My brief career in Boy Scouts left me with vague memories of a bowline and a taut-line hitch.  But I could not reproduce them if I tried.

I muddled along, set up my shelters and/or tied down gear with some less-than-stellar knot tying.

So, when I started climbing, knowing how to tie certain knots was not just useful, but mandatory. If I quite literally did not want to fall to my death, I had to make damn sure the knots were tied correctly.

After a tutelage by some friends in a garage one night (I supplied the beer), I mastered the figure-eight, the clove hitch, a slip knot and a passable Prusik knot.   Since I am typing this article, their insistence on knowing the knots was probably a good thing.

PCO of Mark T.  someone thanks you, too.

The climbing lead me to re-discovering the knots our Assistant Scout Master Mr. Johnson taught us but had forgotten.

As I was reading the classic The Complete Walker by Colin Fletcher,  I noticed his section on knots. It was short, to the point and not a lot of info. Just the basics.

And I think that is the crux of what was written 30+ years ago. For non-technical pursuits, trying to memorize the knots can seem to be intimidating. Pages upon web pages and YouTube videos of all the different knots. (What the hell’s a Celtic button knot???) 

But knowing a few basic knots can be enough to set up a shelter, tie down some gear and perform quick field repair with cordage.

These knots are not for technical pursuits such as climbing. I’ll leave that to the more qualified others.  These are just some simple knots for hiking, camping and backpacking that also happen to have some crossover use in “real life”.

There are plenty of web pages and videos describing how to perform the knots, so you will not see my banged up hands tying the knots for you. Why re-invent the wheel???
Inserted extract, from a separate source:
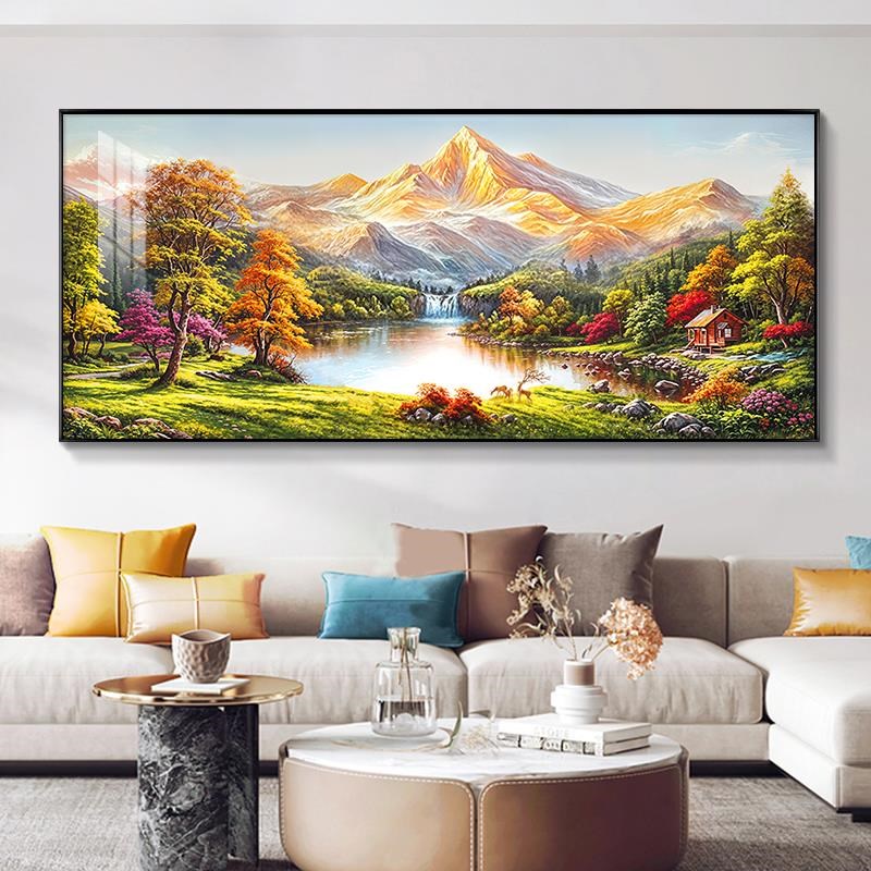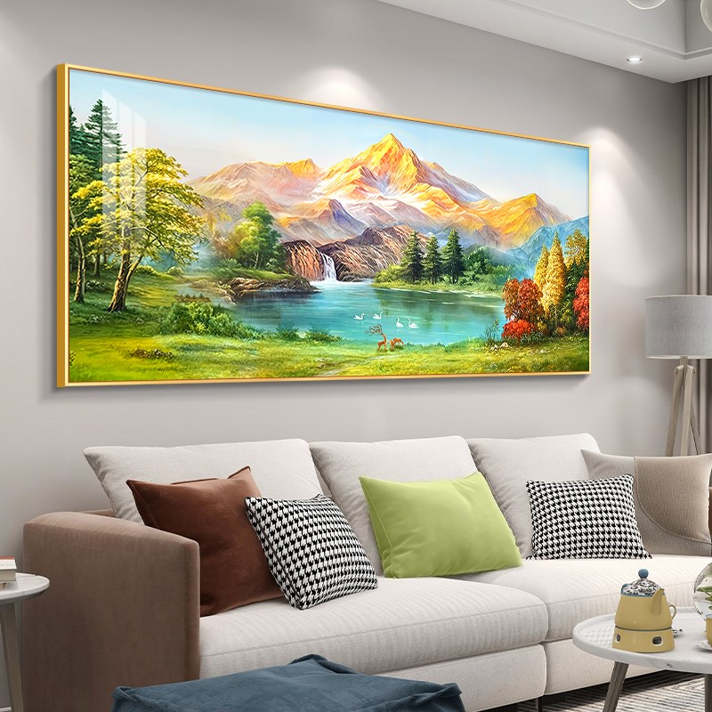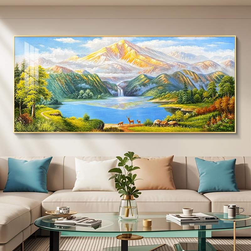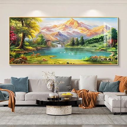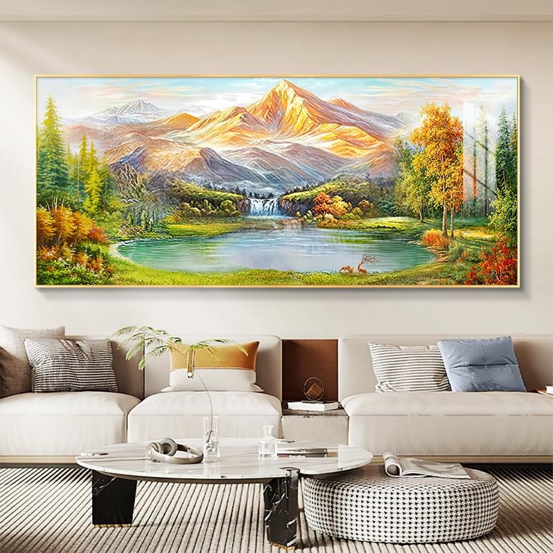 聚宝盆客厅装饰画山水画沙发背景墙挂画高档大气风景壁画手绘油画

So, here are some knots I find useful.  I am sure there are better and/or more efficient ones. But these work well in keeping it simple while being functional.

gordian
I will not be describing the Gordian knot…  ( From Dictionary.com )
  • Overhand knot:  The basic knot everyone knows. Use it for a stop knot at the end of the rope in conjunction with another knot.
  • Square knot: Another basic knot.  Useful for tying off bags or similar bundles quickly.
  • Bowline:  Superior to the two knots above. Good for securing one end of a rope to something that is permanent (such as a grommet). A very good knot to know. This is the knot with the famous “the bunny goes out of the whole and around the tree…”  mnemonic.
  • Girth hitchGood for adding a quick and dirty zipper pull to gear among other uses such as hanging up something from a line.
  • Slip knot: A good basic knot that comes undone quickly. Useful for setting up a shelter or when tying down something in conjunction with a trucker’s hitch (see below)
  • Figure Eight: For climbing, it is tied as following-through knot. For camping/backpacking uses, it is often tied “on a bight”. A very strong knot. Good for attaching a ‘biner to the bight or using the knot as the pulley in a trucker’s hitch when securing heavier loads.
  • Clove Hitch: I use this knot only for climbing personally. I know some hammock campers like it for attaching the hammock to the ‘biners to be anchored in securely…which is what I use it for essentially while climbing.
  • Trucker’s Hitch: Another useful hitch.  A little more involved than the Taut Line hitch, but very good for really ratcheting down tension or securing loads. Essentially two knots in one. Has a pulley system. Commonly tied with a figure eight on a bight or with a slip knot.  Not quite as easily adjustable as the Tautline Hitch or a Midshipan’s Hitch, but it is better for tension and, again, heavier loads.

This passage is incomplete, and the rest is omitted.